Thursday, 17 November 2016


Do you say Turmeric (as in Tuesday) or Turmeric (as in turtle) - one of those words which always confuses me. Does it matter as long as we are talking about the same thing? It's latin name is Curcuma longa and has been associated with Southern Asia for a very long time.  A wonderfully exotic spice, amazingly delicious, colourful, anti-inflammatory root, full of antioxidants and purported to stave off cancer and Alzheimer's.

Whether the claims are true or not, I'm convinced I need more of it in my diet.

Turmeric has been part of traditional medicine, or alternative Siddha, for thousands of years in southern India. It is used in savoury and sweet dishes and as a dye for clothing for Saris and Buddhist's robes. 

In India a marriage ritual sees bunches of turmeric tied around wrists or in Sri Lanka it is often tied with string and hung around the neck as an offering to the gods. So many uses for what looks like an insignificant root. I think it's one hell of a good thing to have in your life.

I don't have any recipes to pass on for using turmeric as a dye. Many of my curries and Tagine recipes contain it, but I can honestly say that one of the easiest ways to get it into your system is by adding it to milk.

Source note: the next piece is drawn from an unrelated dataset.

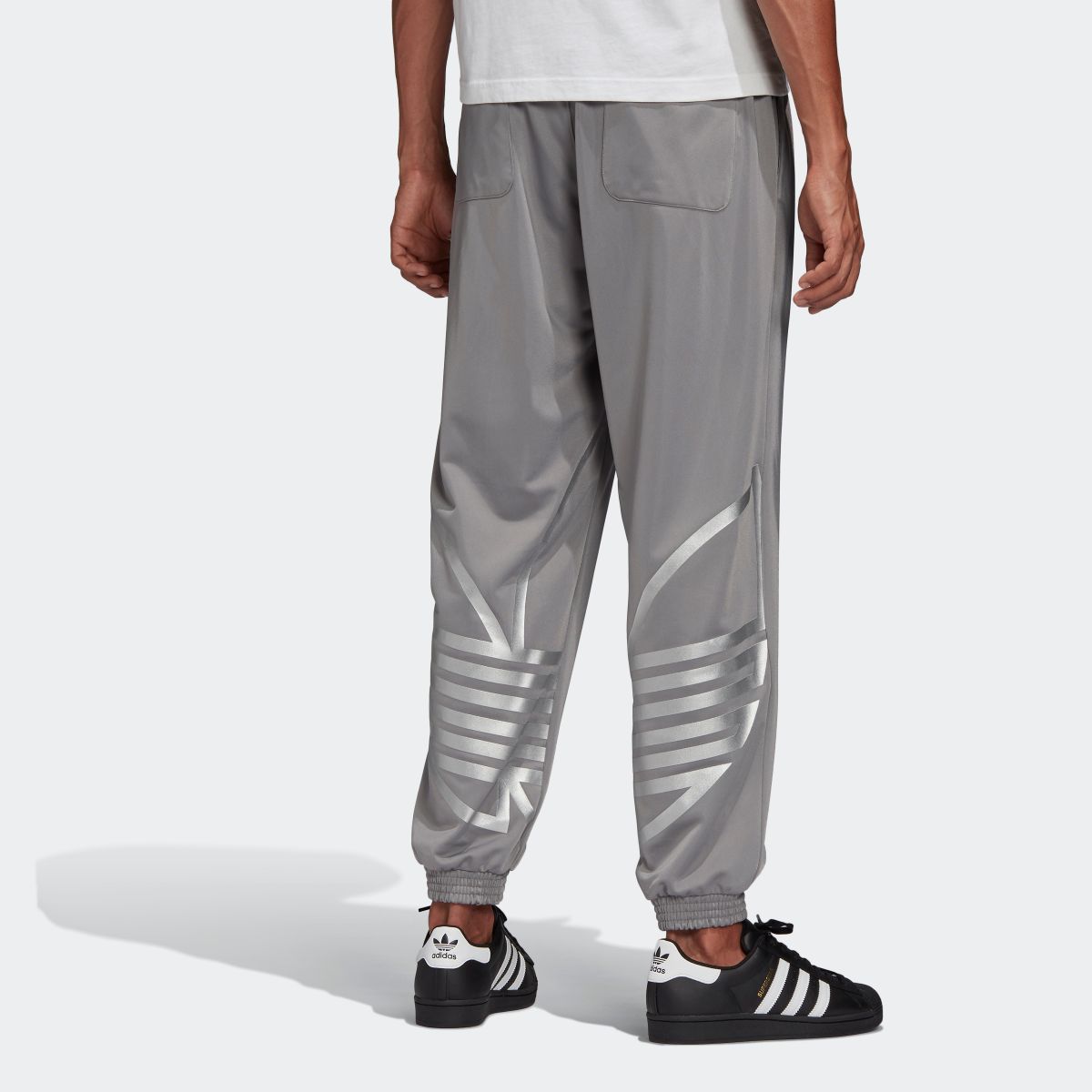 今季は、このロゴを脚の後ろに大きくあしらった、メタリック トラック パンツが登場。

Sound strange?

Milk with turmeric or 'Golden Milk' is becoming very popular in the USA. The milk can be drunk by itself or added to your Bircher Muesli for breakfast. The initial paste preparation takes 5 minutes and will keep for 1 - 2 weeks in the fridge.

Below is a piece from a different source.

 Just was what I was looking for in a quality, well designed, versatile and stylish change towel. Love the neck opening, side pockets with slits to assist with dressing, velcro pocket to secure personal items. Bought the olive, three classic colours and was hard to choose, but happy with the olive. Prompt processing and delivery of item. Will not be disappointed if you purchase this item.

Firstly you need to make a paste which will be the basis of your milk.

Turmeric Paste

1/4 cup of turmeric
1/2 teaspoon of ground black pepper
1/2 cup filtered or rain water
1/2 teaspoon pepper

Mix all ingredients together in a small saucepan and on a low heat, mix until a thick paste is formed. This will take just a couple of minutes. 
Take off the heat and cool then place in a container and store in the fridge. It 
can be stored for 1 -2 weeks.

Turmeric Milk

1 cup almond milk
1/4 teaspoon turmeric paste
1 teaspoon coconut oil
honey to taste

Add milk, turmeric and coconut oil to a small saucepan and heat on low until the all the ingredients are mixed together. Don't allow the mixture to reach boiling point. Add honey and stir until melted, then take off the heat. Cool.

How to Use Turmeric Milk

As you can see, Bircher Muesli takes on a whole new dimension! You can use your favourite Muesli, whack it into a jar and steep in the milk over night! Top with some fresh fruit and yoghurt and you have a breakfast that will keep you going well into the day. I find this so filling that I don't generally need to have lunch.

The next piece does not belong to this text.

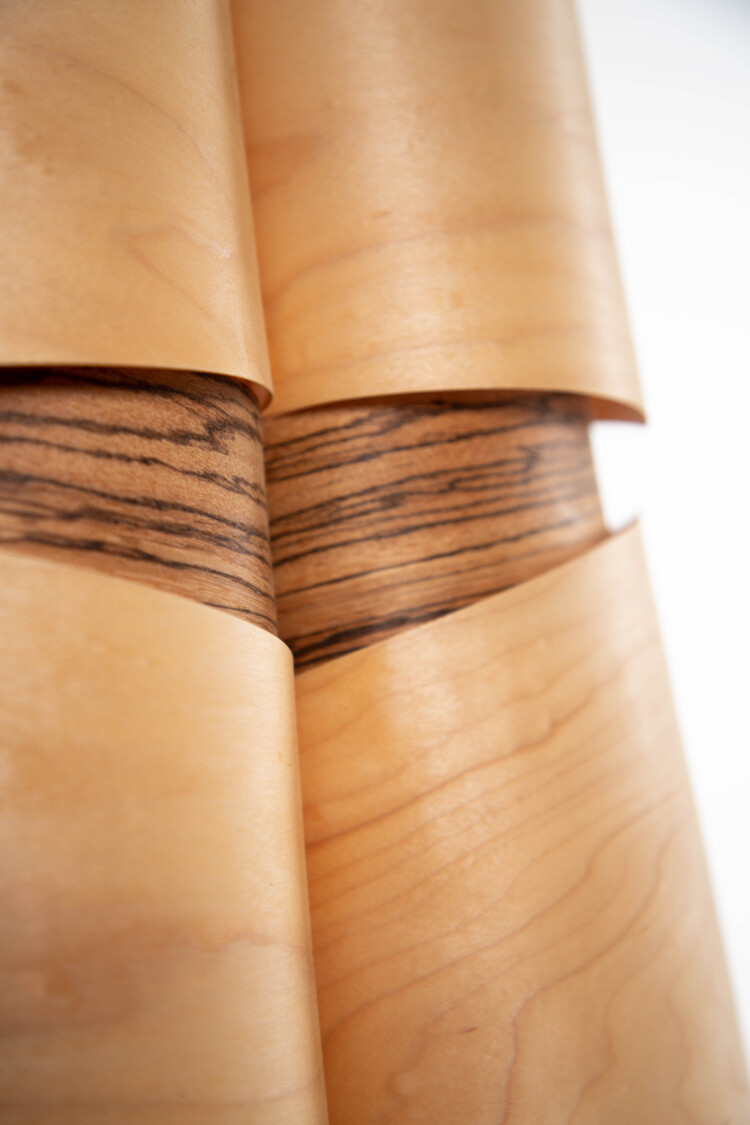 Caim lamps are handmade and are made exclusively of natural materials (wood and ceramics). The blinds are made of veneer, which are found in various combinations and shapes on all models of Caim lamps. Wooden blinds thus have the role of converting the cold LED light into a very natural and soothing light. This creates an extremely relaxing and warm atmosphere and a feeling of serenity.

I added some plain yoghurt and a few raspberries and enjoyed breakfast in the garden.

Turmeric milk can be drunk by itself. Once you have made it, addd a little extra honey and drink while still warm.

Just remember, like everything else, take small doses of turmeric to see how your body responds to it. It is good for you, there is no doubt about that. I don't advocate taking it everyday, but a couple of times a week should be fine for most people.